By the last third we're down to repetitions of "I was so excited when I got to audition" and "I was so sad when it was time to go." I haven't watched in the 21st century, so lengthy monologues on digital shorts and Stefon didn't do me much good.
The book seemed to push back on any criticism that SNL was a boy's club or far behind the curve on casting demographics. They spend a great deal of time talking about an opening where a Black actor runs back and forth to play multiple parts because there was only one in the cast. On the one hand it seems like they're acknowledging the issue, but given that the same gimmick was used by SNL and even Fridays in decades past, it's more of an indictment.
Skip if you idolize the early cast members, I think Jane Curtin and Garrett Morris are the only ones that come out unscathed. I'm surprised Chevy Chase can still talk, his jawbone should be powdered the number of punches to the face he's earned.

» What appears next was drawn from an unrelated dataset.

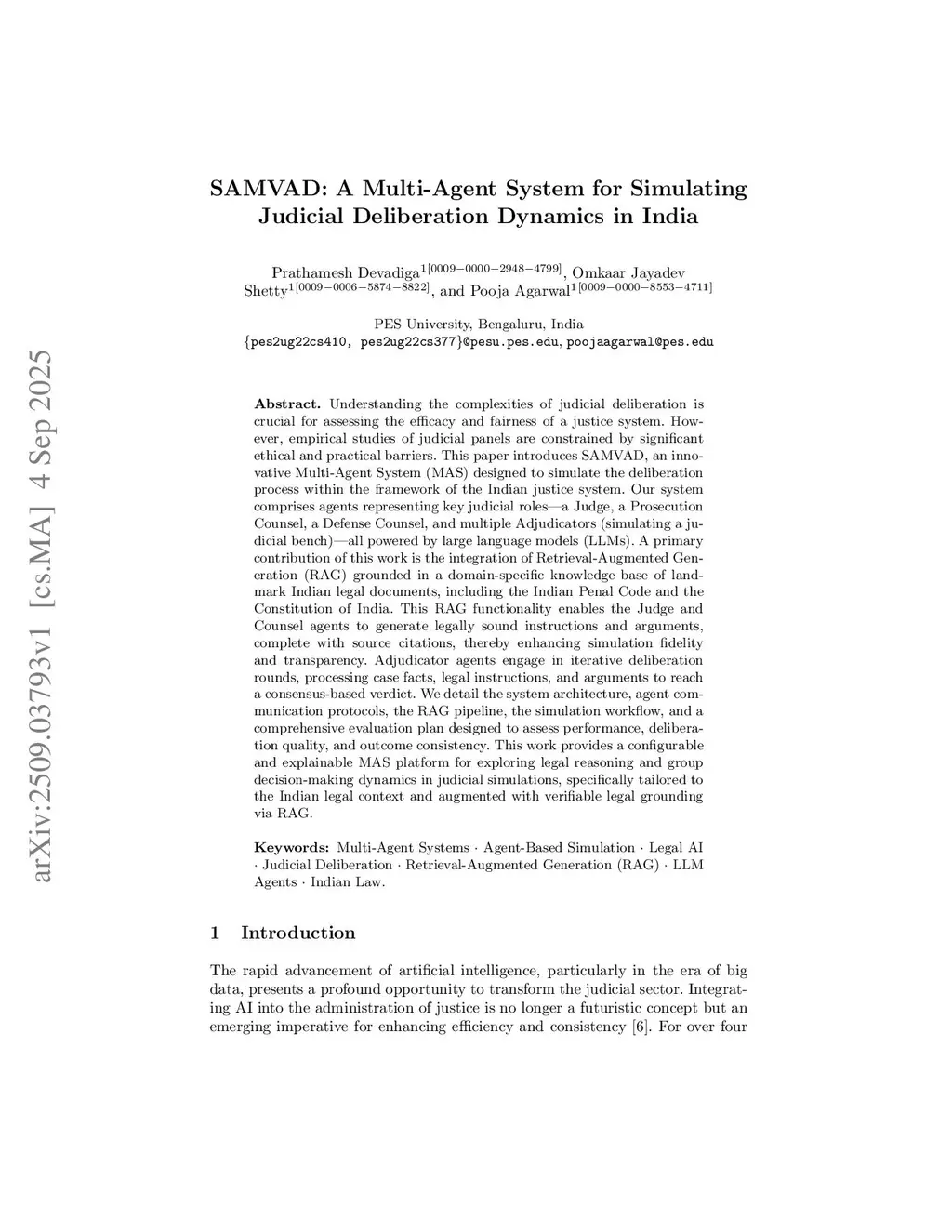 Understanding the complexities of judicial deliberation is crucial for assessing the efficacy and fairness of a justice system. However, empirical studies of judicial panels are constrained by significant ethical and practical barriers. This paper introduces SAMVAD, an innovative Multi-Agent System (MAS) designed to simulate the deliberation process within the framework of the Indian justice system.Our system comprises agents representing key judicial roles: a Judge, a Prosecution Counsel, a Defense Counsel, and multiple Adjudicators (simulating a judicial bench), all powered by large language models (LLMs). A primary contribution of this work is the integration of Retrieval-Augmented Generation (RAG), grounded in a domain-specific knowledge base of landmark Indian legal documents, including the Indian Penal Code and the Constitution of India. This RAG functionality enables the Judge and Counsel agents to generate legally sound instructions and arguments, complete with source citations, thereby enhancing both the fidelity and transparency of the simulation.The Adjudicator agents engage in iterative deliberation rounds, processing case facts, legal instructions, and arguments to reach a consensus-based verdict. We detail the system architecture, agent communication protocols, the RAG pipeline, the simulation workflow, and a comprehensive evaluation plan designed to assess performance, deliberation quality, and outcome consistency.This work provides a configurable and explainable MAS platform for exploring legal reasoning and group decision-making dynamics in judicial simulations, specifically tailored to the Indian legal context and augmented with verifiable legal grounding via RAG.

My favorite story is from Harry Shearer. Garrett Morris had a regular bit as Egyptian President Anwar Sadat. Shearer also did Sadat and lobbied Loren Michaels to switch for that week's show. Loren seemed to agree, but didn't make the change and didn't tell Shearer, who only found out from the call sheet. Seconds before the sketch starts, Morris leans over to Shearer and says "Hey, you do a pretty good Sadat. What's he sound like again?"
A few interesting anecdotes sprinkled around, but a lot of the same ground covered at length. I think there was a solid hour of the audiobook dedicated to how Michaels manipulated insecure actors with daddy issues, which seems to be most of them.